#### [Exercise directions]
Every record should be restated exactly, with no images included.

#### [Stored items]
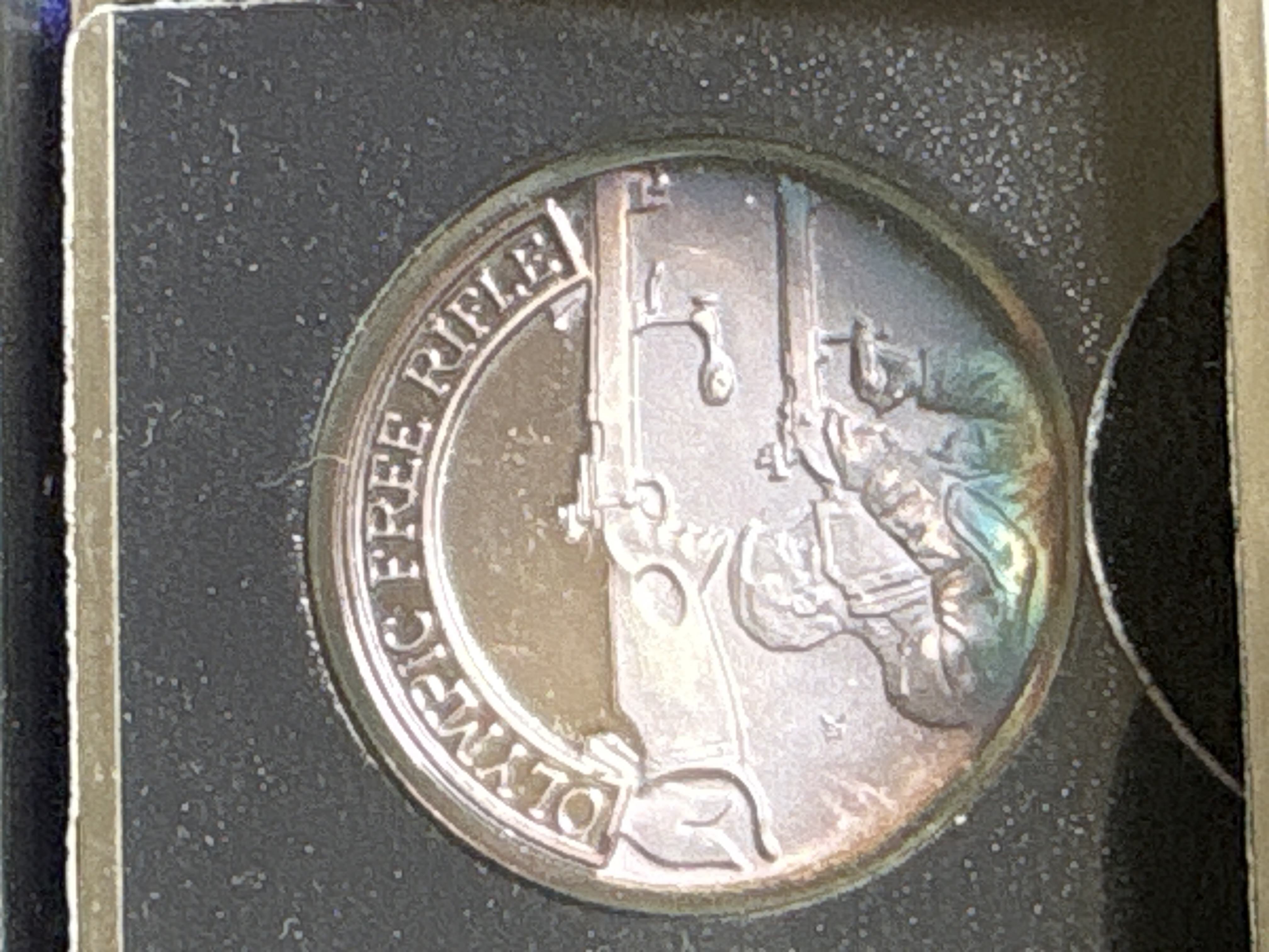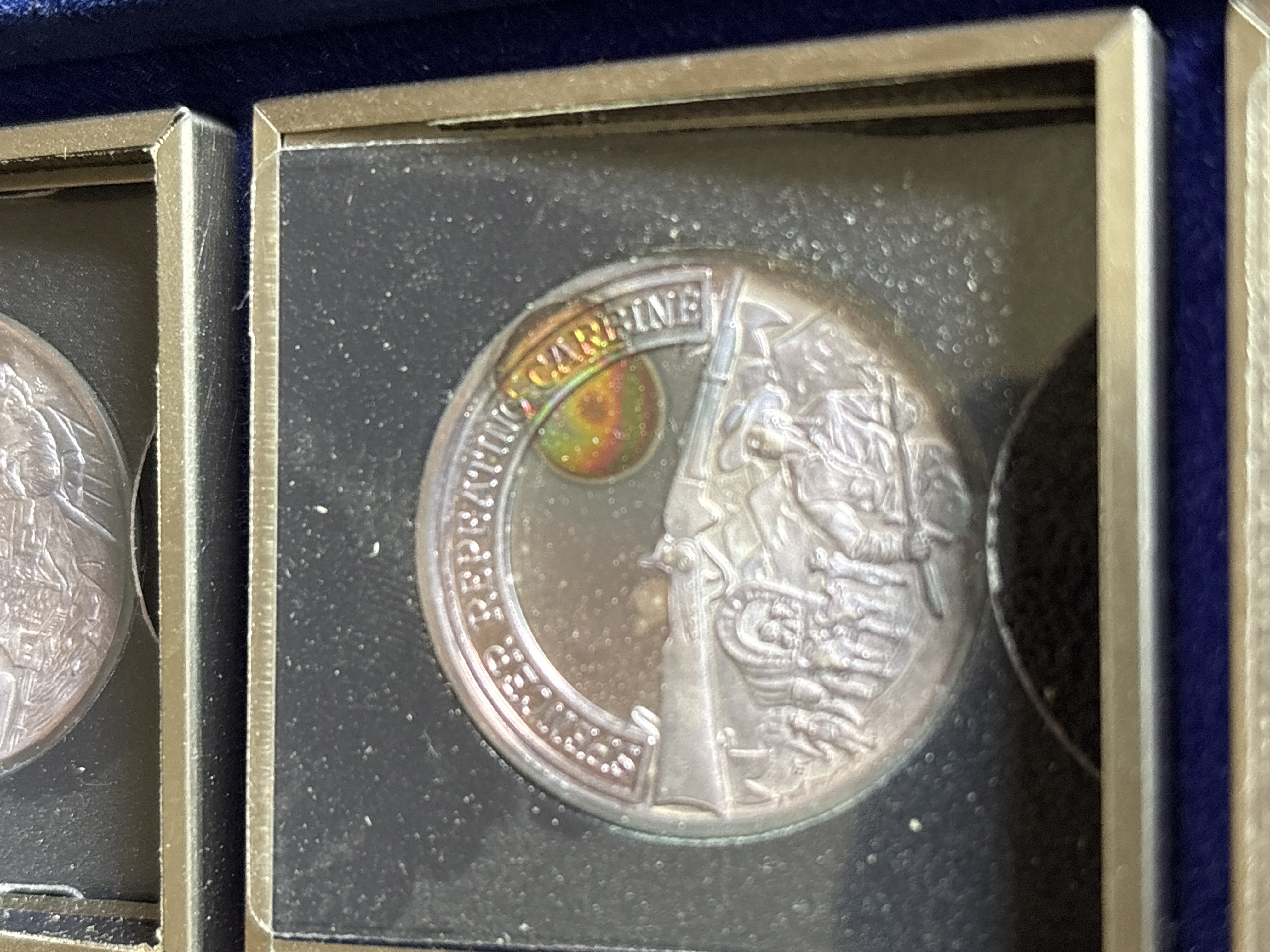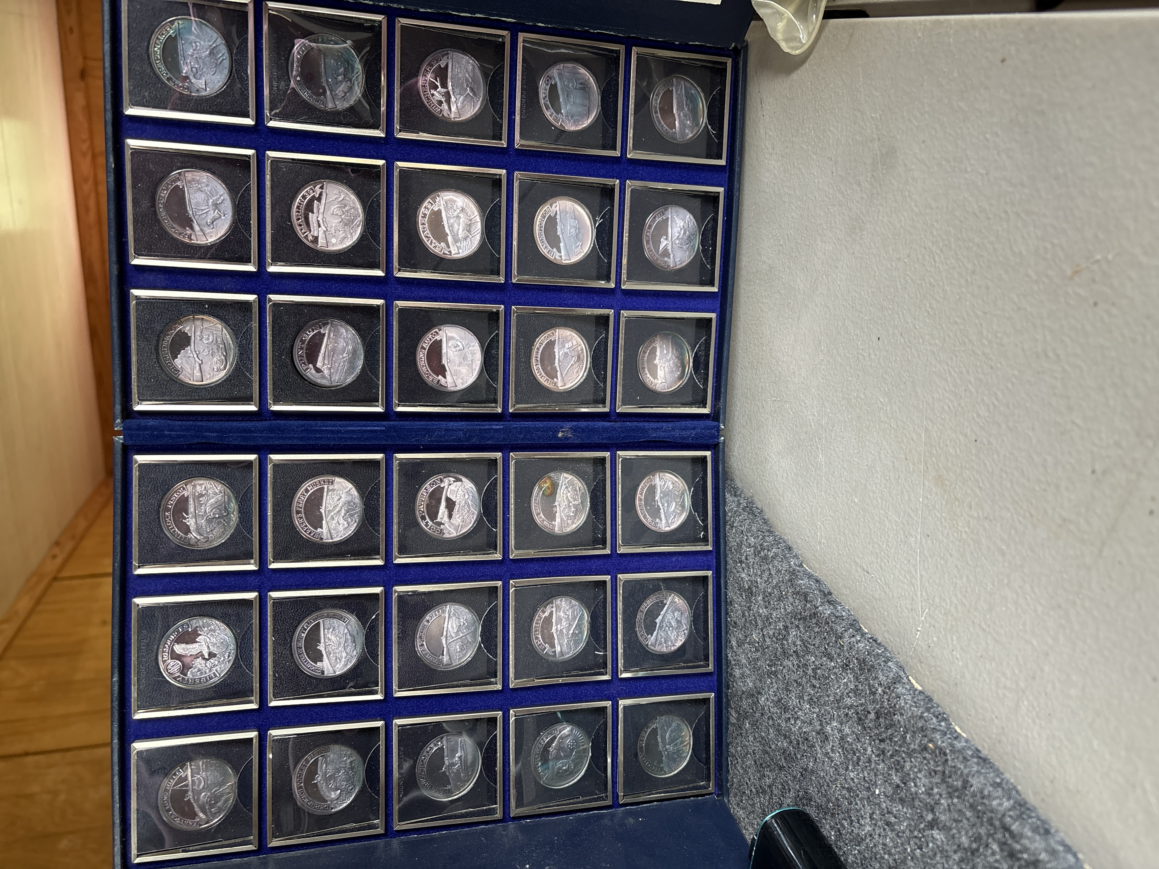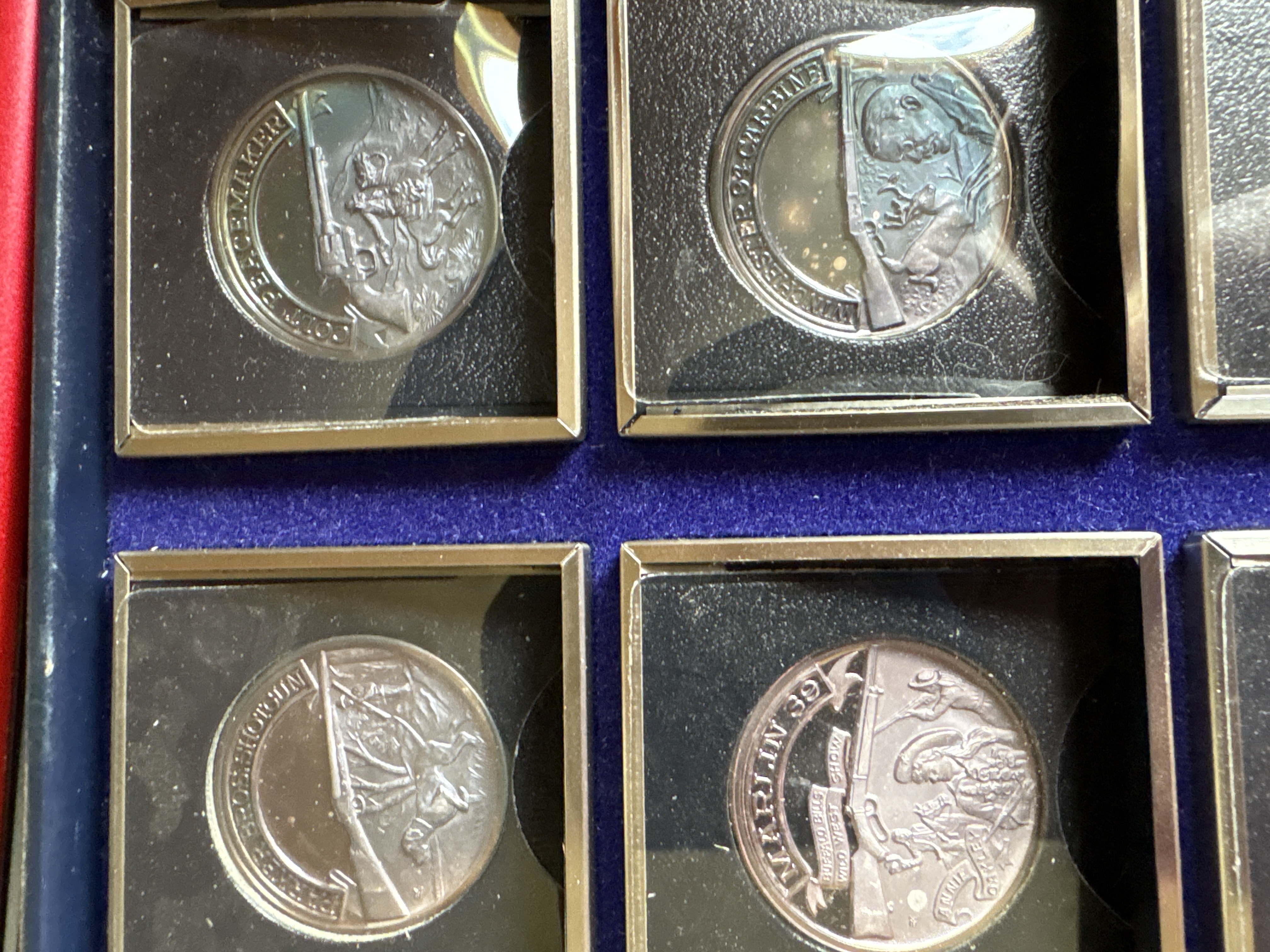 The complete set was sanctioned by the NRA and titled “A Nation of Rifleman”. A complete collection of solid .999 fine silver proof medallions. Issued in late 70’s. There are 30 solid silver proofs depicting great guns of history and comes in an album. The detailing on these coins is fantastic. Each coin is .999 fine silver and is about 21 grams, or ¾ of an ounce and is about the size of an old half dollar only a little thicker. Stamped on the rim of each medal are .999 fine silver and also the number of the set issued. This was a limited edition set came from the International Mint. This is a fantastic addition to any NRA, gun, coin, or silver collection. It is very rare and very beautiful. The front of the album has the NRA insignia and the title “A NATION OF RIFLEMAN”. The album opens up into two halves and is lined with a blue velvet type material. Each half has 15 of the proofs and each medal has its own removable 2inch by 2-inch case. The medals are protected with a plastic cover. The face of each medal has a 3D look and the back has the Liberty Bell, the NRA eagle, and a statement about the gun.
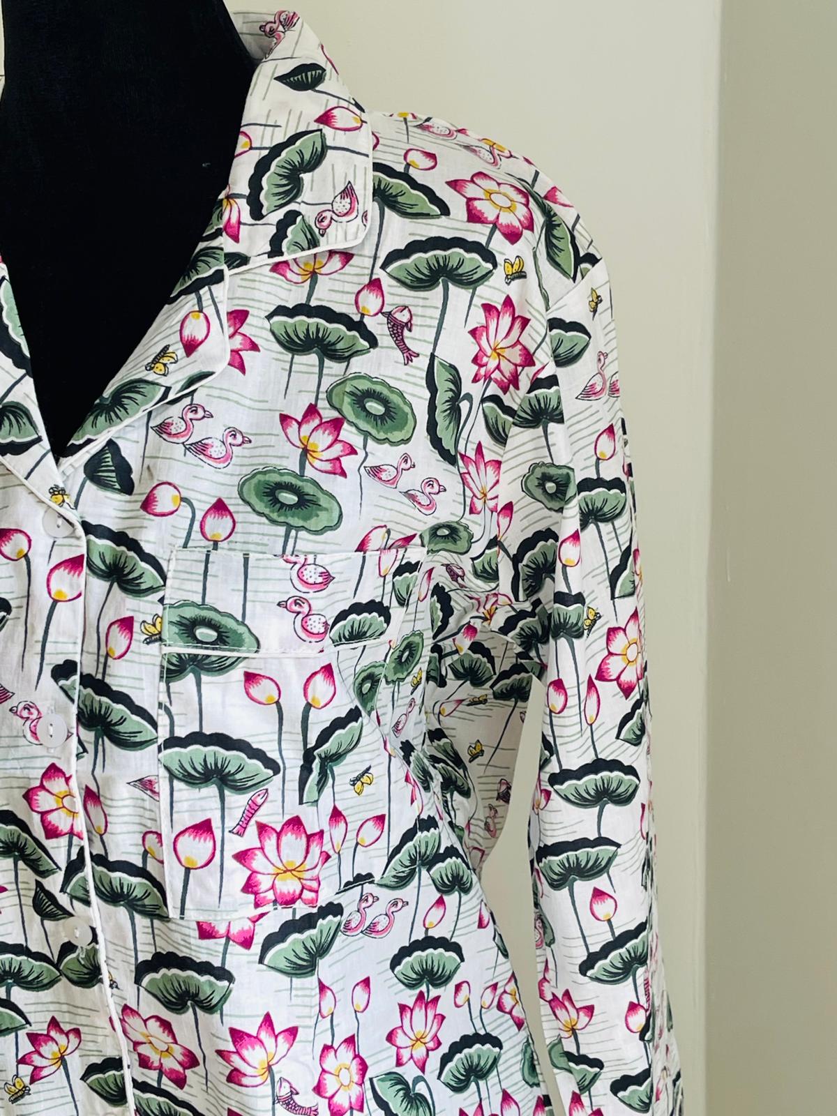 - Reminiscent of old pajama designs, the top has a button-down construction with a classic collar. The elastic waistband of the matching pocket pants ensures a snug fit and maximum comfort.
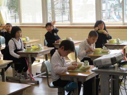 「ごはん、のりつくだに、赤魚の塩焼き、れんこんのきんぴら、豆腐と野菜のうま煮」でした。画像は、お代わりをする4年生と、おいしく食べる2年生。明日から3月です。
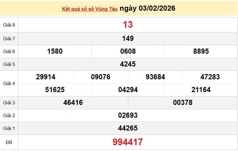 XSVT 3/2, KQXSVT 3/2. Xem lại kết quả xổ số Vũng Tàu ngày 3/2/2026
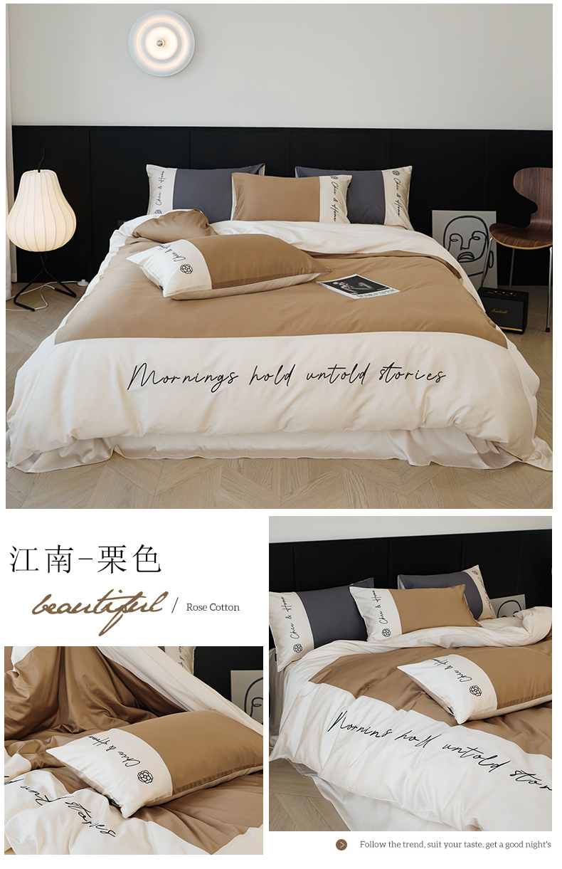 当前位置: 91家纺网 > 商品网购 > 床品套件 > 四件套 > 全棉普通四件套 > 2024春夏新款天丝棉四件套--江南系列(英文版) 江南-栗色
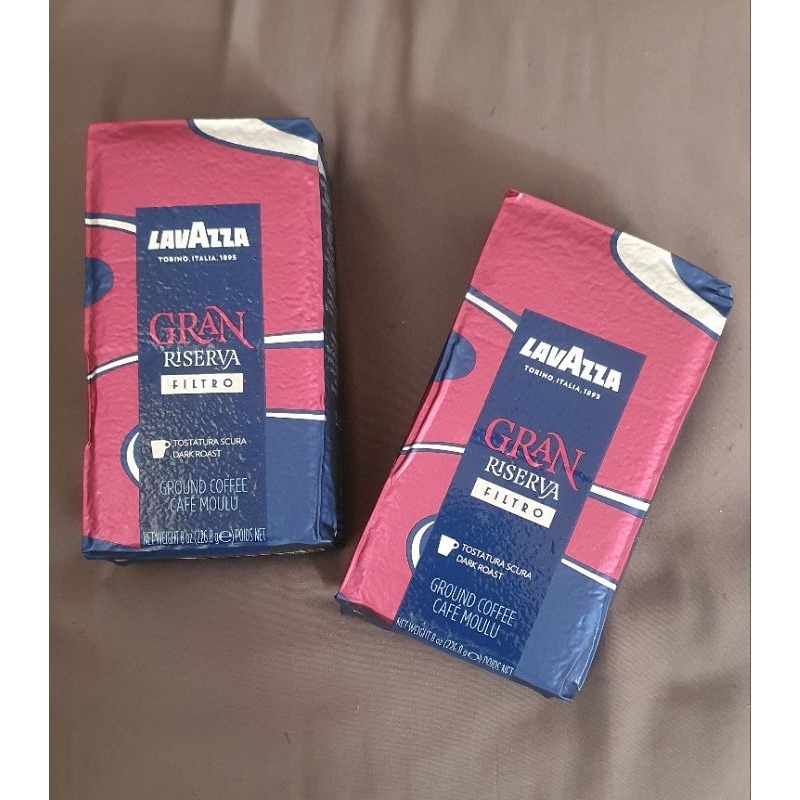 Lavazza Gran Riserva Filtro. Torino Italia 1985. Dark Roast. Ground Coffee. Net Weight 226.8gr. 100% Arabica.
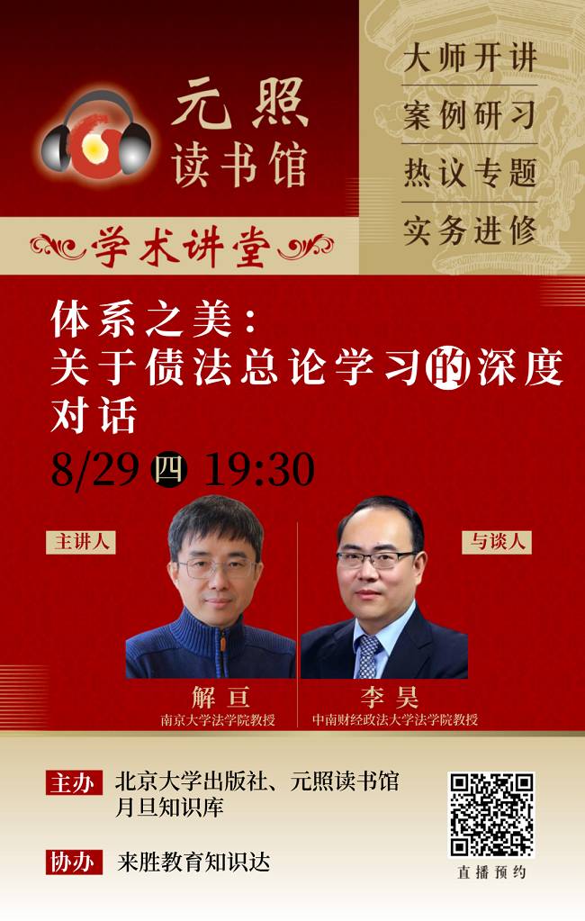 我国的《民法典》出台后,作为实证规范的“债法总则”便退出了历史舞台。尽管《民法典》在体例上并未设立债法总则,但其整体设计并未脱离潘德克吞的立法体例,依然维持着总分结构。同时,我国的法律体系也并未摒弃物债二分的传统格局。若在学理层面放弃债法总论,那么各种债之关系中具有共性的内容将在法律共同体的知识结构中失去其应有的地位。知识的准确定位是构建体系思维的关键,而体系思维恰恰是民法思维的生命力之源。因此,讲授和学习债法总论,在当前我国的法学教育中仍然具有重要的意义。8月29日19:30,南京大学法学院教授解亘老师、中南财经政法大学法学院教授李昊老师,在线分享:“体系之美:关于债法总论学习的深度对话”。本讲座以对谈的形式深度探讨债法总论课程的教与学。所涉内容将涉及:体系对于民法的意义;债法总论的功能;在《民法典》未设置债法总则之前提下债法总论的内容;学习方法;教科书的类型。
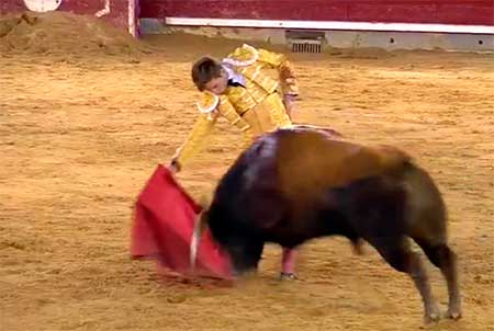 El tercero fue un buen novillo con el que San Román demostró que, además de valor, posee un concepto extraordinario. Lo exhibió sobre todo en el toreo al natural, jugando muy bien con los vuelos de la muleta para enganchar y torear en su acepción más grandilocuente al de Encinagrande, al que cortó una oreja.

#### [Response area]
 The complete set was sanctioned by the NRA and titled “A Nation of Rifleman”. A complete collection of solid .999 fine silver proof medallions. Issued in late 70’s. There are 30 solid silver proofs depicting great guns of history and comes in an album. The detailing on these coins is fantastic. Each coin is .999 fine silver and is about 21 grams, or ¾ of an ounce and is about the size of an old half dollar only a little thicker. Stamped on the rim of each medal are .999 fine silver and also the number of the set issued. This was a limited edition set came from the International Mint. This is a fantastic addition to any NRA, gun, coin, or silver collection. It is very rare and very beautiful. The front of the album has the NRA insignia and the title “A NATION OF RIFLEMAN”. The album opens up into two halves and is lined with a blue velvet type material. Each half has 15 of the proofs and each medal has its own removable 2inch by 2-inch case. The medals are protected with a plastic cover. The face of each medal has a 3D look and the back has the Liberty Bell, the NRA eagle, and a statement about the gun.
 - Reminiscent of old pajama designs, the top has a button-down construction with a classic collar. The elastic waistband of the matching pocket pants ensures a snug fit and maximum comfort.
 「ごはん、のりつくだに、赤魚の塩焼き、れんこんのきんぴら、豆腐と野菜のうま煮」でした。画像は、お代わりをする4年生と、おいしく食べる2年生。明日から3月です。
 XSVT 3/2, KQXSVT 3/2. Xem lại kết quả xổ số Vũng Tàu ngày 3/2/2026
 当前位置: 91家纺网 > 商品网购 > 床品套件 > 四件套 > 全棉普通四件套 > 2024春夏新款天丝棉四件套--江南系列(英文版) 江南-栗色
 Lavazza Gran Riserva Filtro. Torino Italia 1985. Dark Roast. Ground Coffee. Net Weight 226.8gr. 100% Arabica.
 我国的《民法典》出台后,作为实证规范的“债法总则”便退出了历史舞台。尽管《民法典》在体例上并未设立债法总则,但其整体设计并未脱离潘德克吞的立法体例,依然维持着总分结构。同时,我国的法律体系也并未摒弃物债二分的传统格局。若在学理层面放弃债法总论,那么各种债之关系中具有共性的内容将在法律共同体的知识结构中失去其应有的地位。知识的准确定位是构建体系思维的关键,而体系思维恰恰是民法思维的生命力之源。因此,讲授和学习债法总论,在当前我国的法学教育中仍然具有重要的意义。8月29日19:30,南京大学法学院教授解亘老师、中南财经政法大学法学院教授李昊老师,在线分享:“体系之美:关于债法总论学习的深度对话”。本讲座以对谈的形式深度探讨债法总论课程的教与学。所涉内容将涉及:体系对于民法的意义;债法总论的功能;在《民法典》未设置债法总则之前提下债法总论的内容;学习方法;教科书的类型。
 El tercero fue un buen novillo con el que San Román demostró que, además de valor, posee un concepto extraordinario. Lo exhibió sobre todo en el toreo al natural, jugando muy bien con los vuelos de la muleta para enganchar y torear en su acepción más grandilocuente al de Encinagrande, al que cortó una oreja.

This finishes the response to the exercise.